→ Work instructions
Everything from the line holding "F8/8mm圆头双色LED灯珠(im电竞光电)产品说明" to the end of the listing below should be copied exactly, line for line, minus the pictures.

(Data Opens)

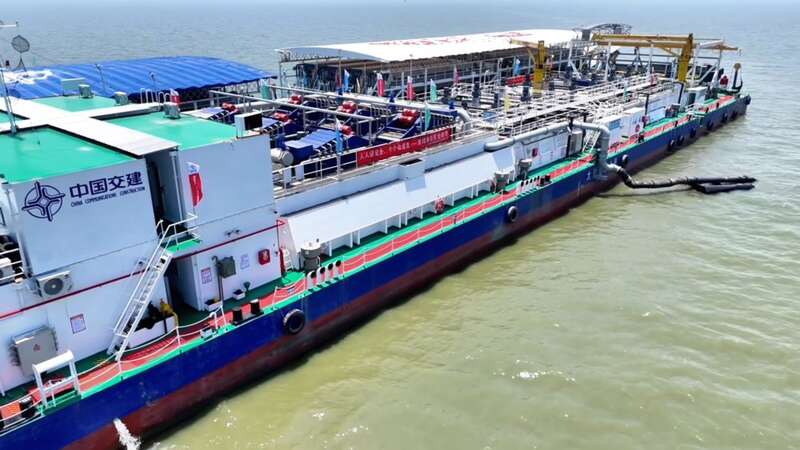 在几十公里外的无锡宜兴水域,一座名为“太湖之光”的水上“移动工厂”正24小时运转。它由多艘作业船串联而成,管道纵横、设备密布。
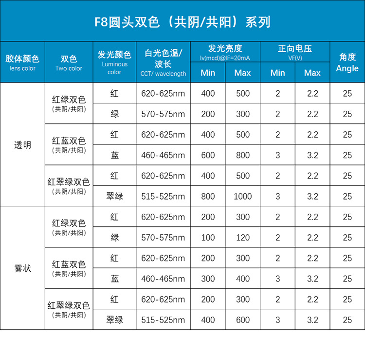 F8/8mm圆头双色LED灯珠(im电竞光电)产品说明
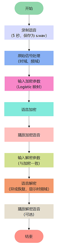 本系统通过录制语音并利用 Logistic 混沌映射生成的伪随机序列对语音信号进行加密与解密,实现语音信号在时域和频域下的安全处理与播放。
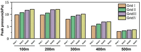 The grid was gradually refined through local and global refinement methods. During the grid refinement process, the expansion ratio of grid cells was maintained at approximately 1.5. Ultimately, four grid resolutions were generated. The grids were labeled Grid I-IV with cell counts of 752,637, 1,127,911, 1,694,531, and 2,541,322, respectively. Based on Model 2, the explosion situation of partially premixed methane (methane filling half of the roadway and the methane filling concentration is set at 9.5%.) in the roadway was taken as the standard for the grid independence test. The tunnel is 500 m long. Five pressure monitoring points were set up. Monitoring points 1–5 were located at distances of 500 m, 400 m, 300 m, 200 m and 100 m from the ignition point. Figure 4 shows that Grids I and II exhibit significant deviations from Grid IV, while Grid III results closely match those of Grid IV. Considering both computational accuracy and cost, Grid III was selected as the optimal grid for this study.

(Data Closes)

→ Your solution
 F8/8mm圆头双色LED灯珠(im电竞光电)产品说明
 本系统通过录制语音并利用 Logistic 混沌映射生成的伪随机序列对语音信号进行加密与解密,实现语音信号在时域和频域下的安全处理与播放。
 The grid was gradually refined through local and global refinement methods. During the grid refinement process, the expansion ratio of grid cells was maintained at approximately 1.5. Ultimately, four grid resolutions were generated. The grids were labeled Grid I-IV with cell counts of 752,637, 1,127,911, 1,694,531, and 2,541,322, respectively. Based on Model 2, the explosion situation of partially premixed methane (methane filling half of the roadway and the methane filling concentration is set at 9.5%.) in the roadway was taken as the standard for the grid independence test. The tunnel is 500 m long. Five pressure monitoring points were set up. Monitoring points 1–5 were located at distances of 500 m, 400 m, 300 m, 200 m and 100 m from the ignition point. Figure 4 shows that Grids I and II exhibit significant deviations from Grid IV, while Grid III results closely match those of Grid IV. Considering both computational accuracy and cost, Grid III was selected as the optimal grid for this study.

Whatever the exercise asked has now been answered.